Section II of the report discussed the handling of intelligence indicating that Iraq might be attempting to purchase uranium from Niger. The report examined the role played by former ambassador Joseph Wilson in investigating the issue, and the way Wilson's assessment was communicated within the intelligence community. It also discusses the process whereby references to Iraq's uranium-procurement efforts were removed from some speeches at the behest of intelligence officials, but left in President Bush's 2003 State of the Union address. The report concludes that prior to October, 2002, it was reasonable for the intelligence community to assess Iraq may have been attempting to obtain uranium from Africa.

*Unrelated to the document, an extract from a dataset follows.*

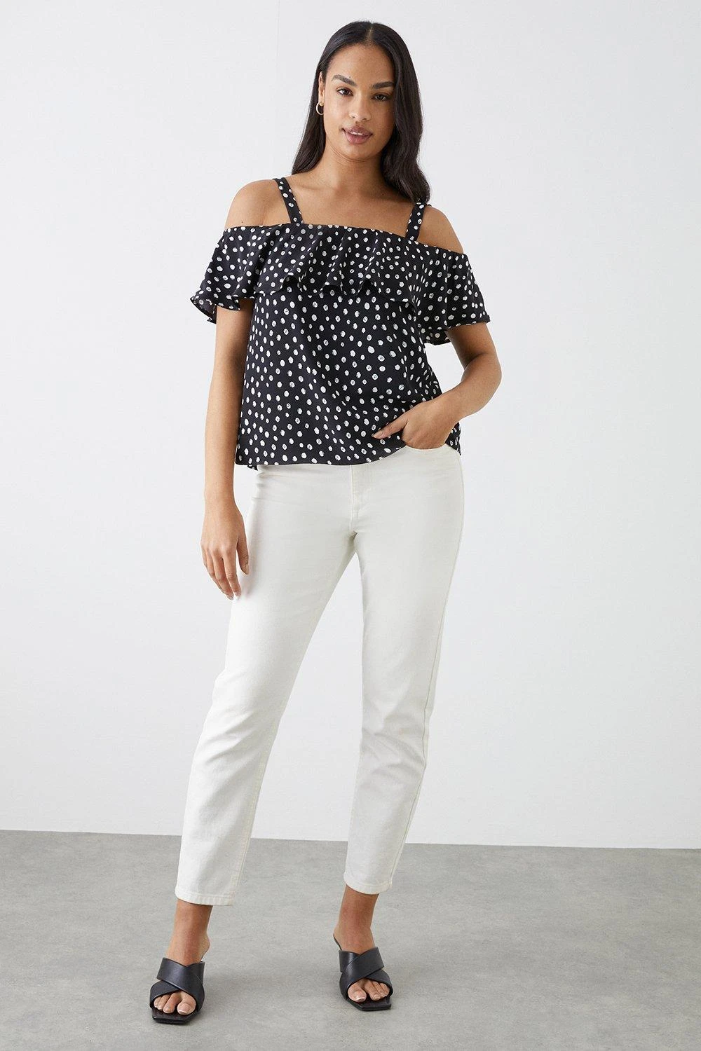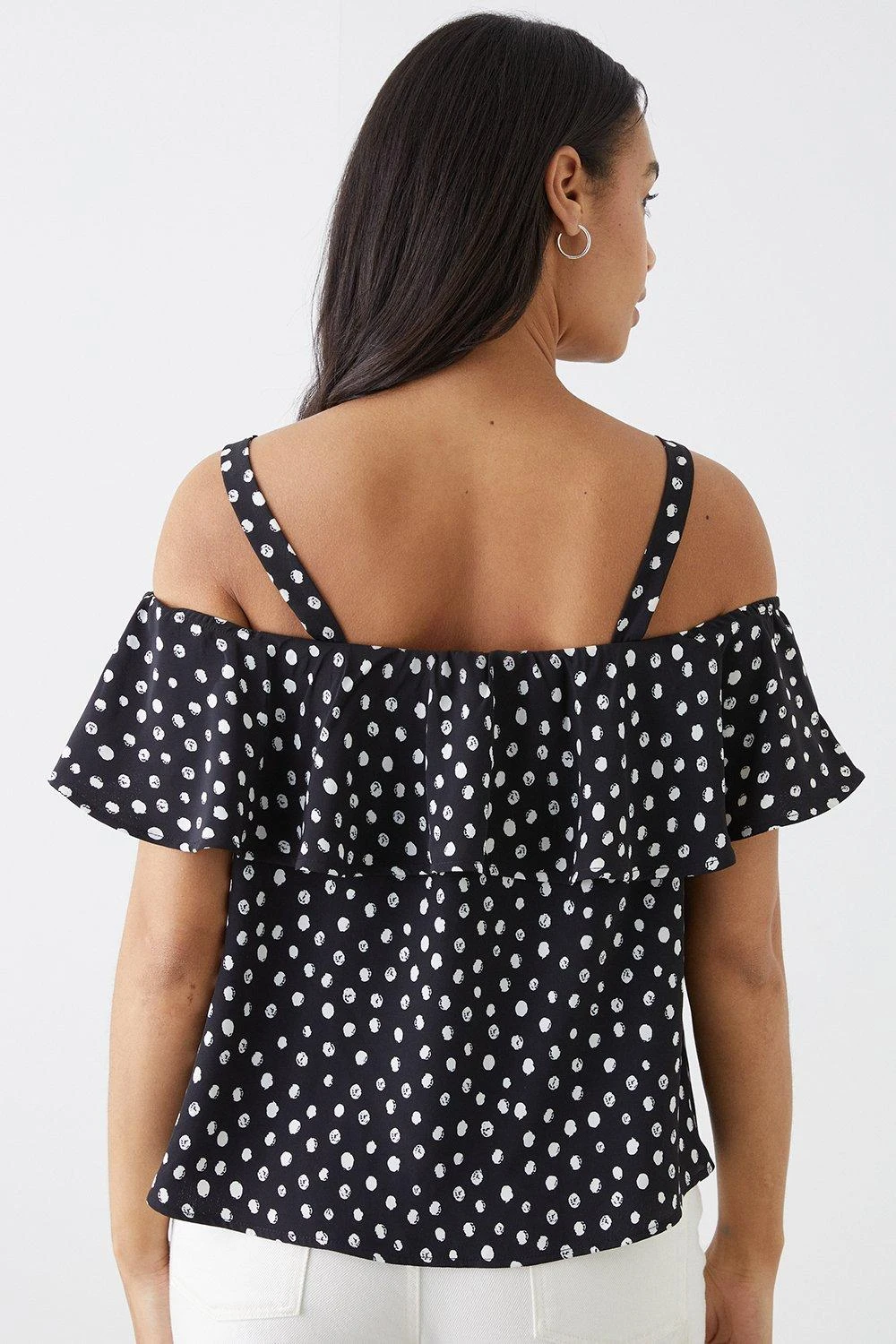 Be the first to review “Dorothy Perkins Mono Spot Frill Neck Bardot Top” Cancel reply

Section III of the report discusses assessments of Iraq's domestic nuclear program. It focuses a significant amount of attention on the intelligence process that took place in the spring of 2001 regarding Iraq's attempts to purchase 60,000 high-strength aluminum tubes. The CIA concluded that the tubes could be intended for constructing centrifuges for a uranium-enrichment program (i.e., for a restarted Iraqi nuclear weapons program); analysts in the Department of Energy and the Department of Defense considered that to be unlikely.

The October 2002 NIE stated that Iraq appeared to be reconstituting its nuclear weapons program. The Committee's report concluded that this view was not supported by the underlying intelligence, and the report agreed with the opinion of the State Department's Bureau of Intelligence and Research, expressed as an "alternative view" in the NIE, that the available intelligence did not make "a compelling case for reconstitution" of the Iraqi nuclear program. The committee reached several conclusions critical of poor communications between the CIA and other parts of the intelligence community concerning this issue.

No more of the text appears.